Minister of Justice
- In office 3 January 2000 – 23 December 2001
- President: Olusegun Obasanjo
- Preceded by: Kanu Godwin Agabi
- Succeeded by: Kanu Godwin Agabi

Minister of Power and Steel
- In office 29 May 1999 – 3 January 2000
- President: Olusegun Obasanjo
- Preceded by: Bello Suleiman
- Succeeded by: Liyel Imoke

Governor of Oyo State
- In office 1 October 1979 – 1 October 1983
- Deputy: Sunday Afolabi (1979–1982); Bisi Akande (1982–1983);
- Preceded by: Paul C. Tarfa
- Succeeded by: Victor Olunloyo

Federal Commissioner for Agriculture
- In office 3 January 1967 – 23 December 1970
- Head of State: Yakubu Gowon
- Preceded by: ministry established
- Succeeded by: Unknown

Personal details
- Born: James Ajibola Idowu Adegoke Ige 13 September 1930 Esa Oke, Southern Region, British Nigeria (now in Osun State, Nigeria)
- Died: 23 December 2001 (aged 71) Ibadan, Nigeria
- Cause of death: Assassination by gunshot
- Party: Action Group; Unity Party of Nigeria; Alliance for Democracy;
- Spouse: Atinuke Ige
- Education: Ibadan Grammar School; University of Ibadan; University College London;
- Occupation: Politician; lawyer;

= Bola Ige =

Nigerian politician (1930–2001)

Chief James Ajibola Idowu Ige SAN (Bọ́lá Ìgè ; 13 September 1930 – 23 December 2001), popularly known as Bola Ige, was a Nigerian lawyer and politician. He served as Federal Minister of Justice of Nigeria from January 2000 until his assassination in December 2001. He had previously served as governor of Oyo State from 1979 to 1983 during the Nigerian Second Republic.

==Background==
James Ajibola Idowu Adegoke Ige was born in Esa Oke, Osun State in the South Western part of Nigeria on 13 September 1930. His parents were Yoruba natives of Esa-Oke town, in the old Oyo State (now in Osun State).Ige left Kaduna and headed south to the Western region at the age of 14.
He studied at Ibadan Grammar School (1943–48), and then at the University of Ibadan. From there, he went to the University College London, where he graduated with a law degree in 1959. He was called to the bar in London's Inner Temple in 1961.

Ige established Bola Ige & Co in 1961, and later became a Senior Advocate of Nigeria.

He became well known in the country for his oratory prowess, as well as his advocacy work on civil rights and democracy. Ige's faith was Christianity. Uncommonly, Ige spoke all the three major Nigerian languages, Yoruba, Igbo and Hausa fluently. He wrote several books, and an anthology of articles and tributes about him was published shortly after his death.

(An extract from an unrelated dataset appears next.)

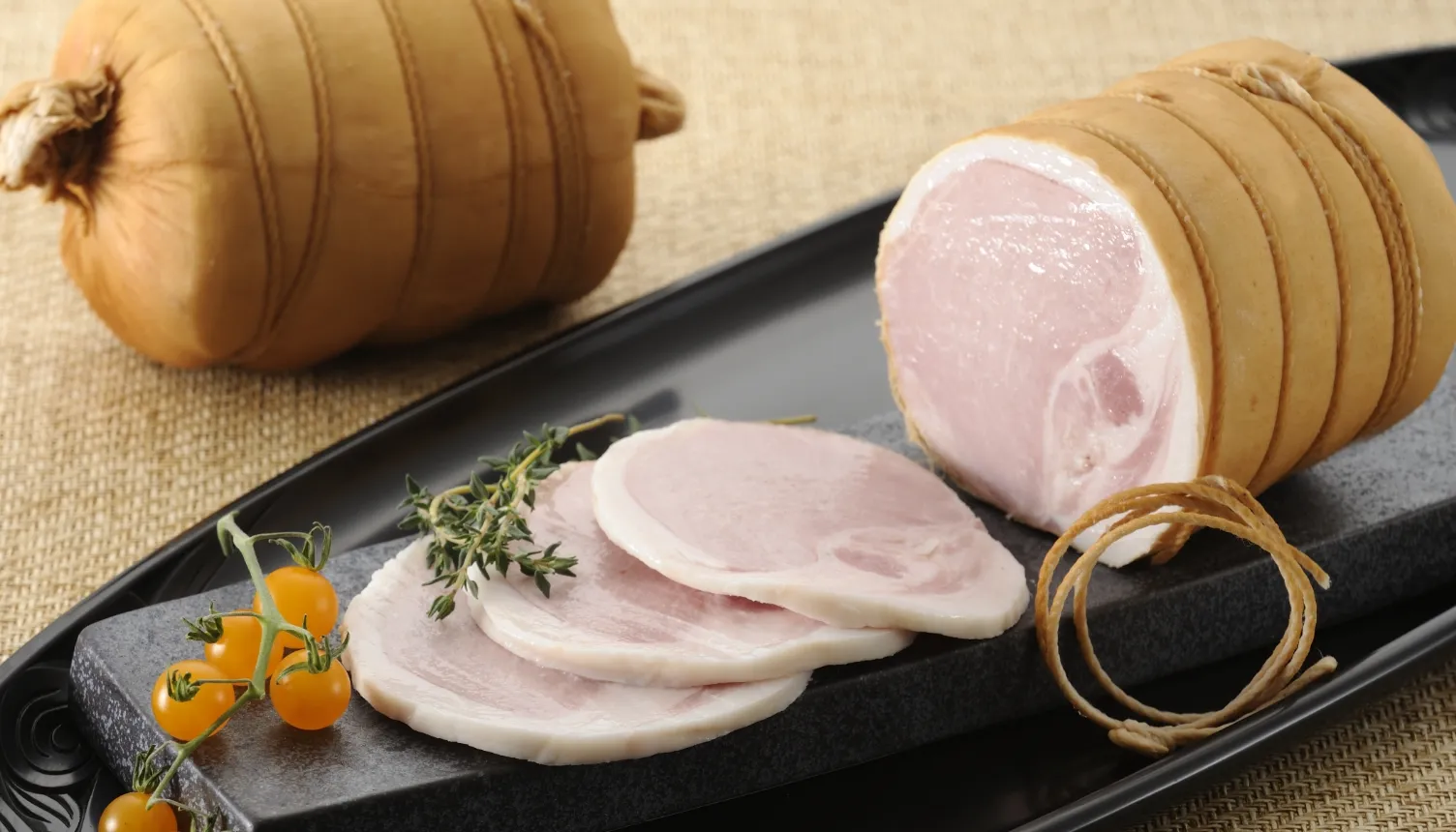 那須井さん:弊社の看板商品である、こちらの「熟成布巻きロースハム」です。弊社は今年で創業125年になりますが104年前から作っている自慢の味わいです!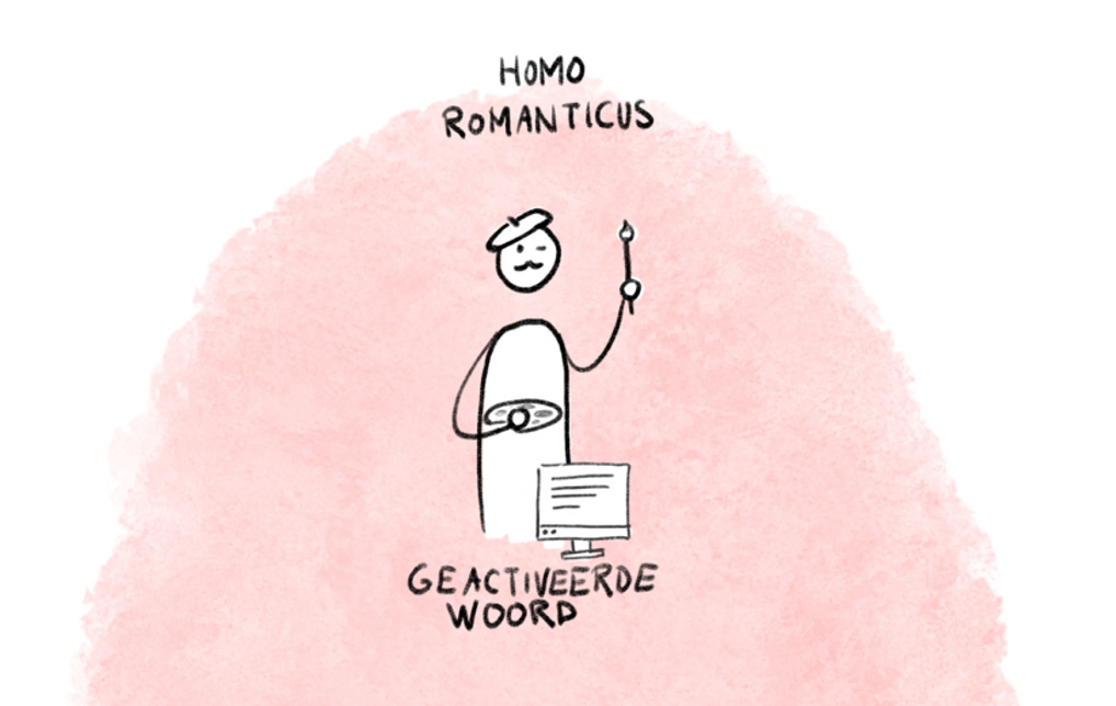 Toen de wereld rijker werd en meer belezen, maakte, ergens in de 18de eeuw, de Homo Romanticus zijn opwachting. Dat gebeurde ongeveer gelijk met de eerste theoretische verkenningen van de binaire computer, het geactiveerde woord. De Homo Romanticus betwijfelde of het objectieve en wetenschappelijke mens- en wereldbeeld van de Homo Economicus volstond.

==Early political career==
During the First Republic (1963–66), at the age of 31 he was at the centre of the Action Group crisis, when Chief Obafemi Awolowo was pitted against his deputy, Chief Samuel Ladoke Akintola. He became a rival of Olusola Olaosebikan for succession to Obafemi Awolowo. Ige was a Commissioner for Agriculture in the now-defunct Western Region of Nigeria (1967–70) under the military government of General Yakubu Gowon. In 1967, he became a friend of Olusegun Obasanjo, who was a commander of the army brigade in Ibadan.

In the early 1970s, during the first period of military rule, he devoted his time to the anti-racism campaign of the World Council of Churches.

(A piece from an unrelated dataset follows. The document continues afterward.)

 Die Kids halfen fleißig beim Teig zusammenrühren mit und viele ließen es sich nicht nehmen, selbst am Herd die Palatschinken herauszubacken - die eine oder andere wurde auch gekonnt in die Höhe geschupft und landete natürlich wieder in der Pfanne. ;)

Towards the end of the 1970s he joined the Unity Party of Nigeria (UPN), the successor to the Action Group. When General Olusegun Obasanjo initiated the Second Republic, he was elected as governor of Oyo State from October 1979 to October 1983. Adebisi Akande, later to be governor of Osun State after it was split off from Oyo State, was his deputy governor during this period. In the 1983 elections, when he ran for re-election as the UPN candidate, he was defeated by Dr. Victor Omololu Olunloyo. Ige unsuccessfully challenged the election in court. However, Olunloyo lost the seat three months later to a coup staged by Generals Muhammadu Buhari and Tunde Idiagbon.

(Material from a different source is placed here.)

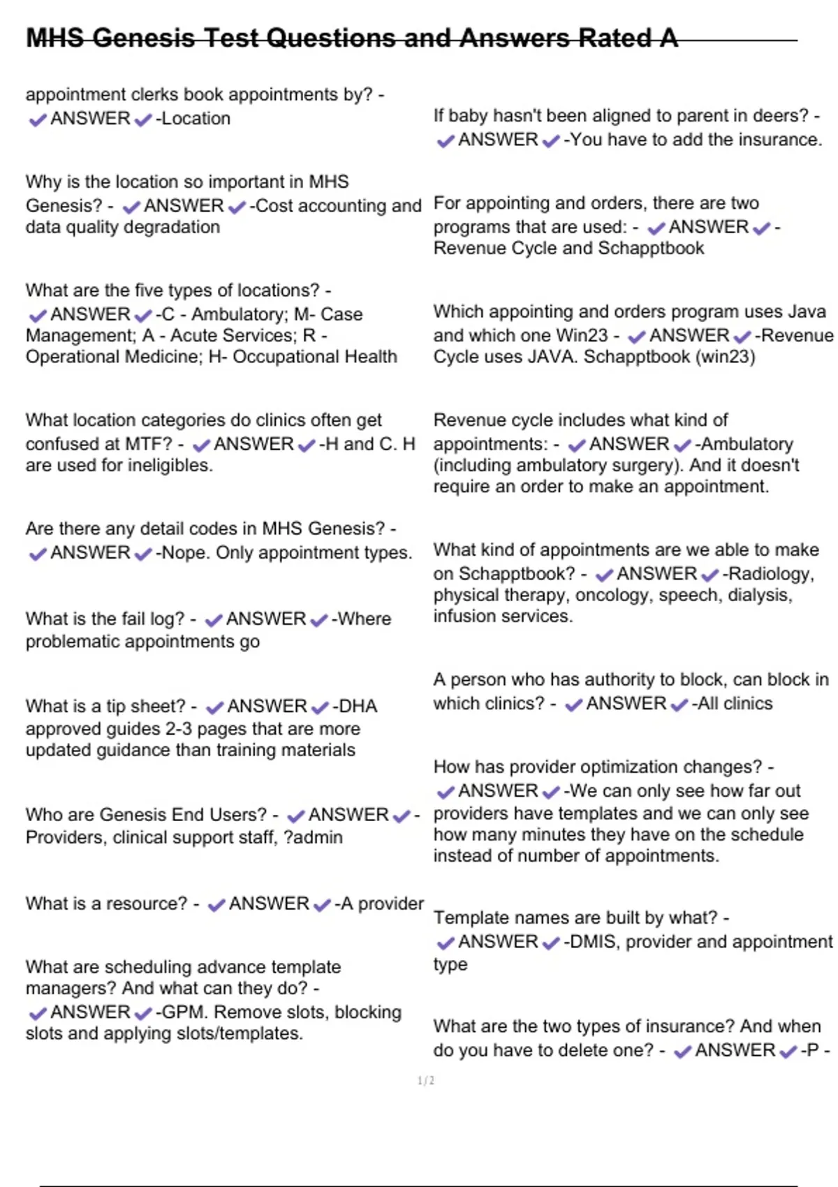 MHS Genesis Test Questions and Answers Rated A

Ige was detained after the coup, accused of enriching himself with party funds. He was released in 1985, after the next coup, by Ibrahim Babangida, and returned to his legal practice and to writing. In 1990, he published People, Politics And Politicians of Nigeria: 1940–1979, a book that he had begun while imprisoned. He was one of the founders of the influential Yoruba pressure group, Afenifere. Although critical of the military rule of General Sani Abacha, Ige avoided political difficulties during this period.

==Fourth Republic==
Following the restoration of democracy in 1999, Ige sought the nomination of the Alliance for Democracy party as a presidential candidate, but was rejected.
President Obasanjo appointed Ige as minister of Mines and Power (1999–2000).
He was not able to make significant improvements to service provided by the monopolistic National Electric Power Authority (NEPA).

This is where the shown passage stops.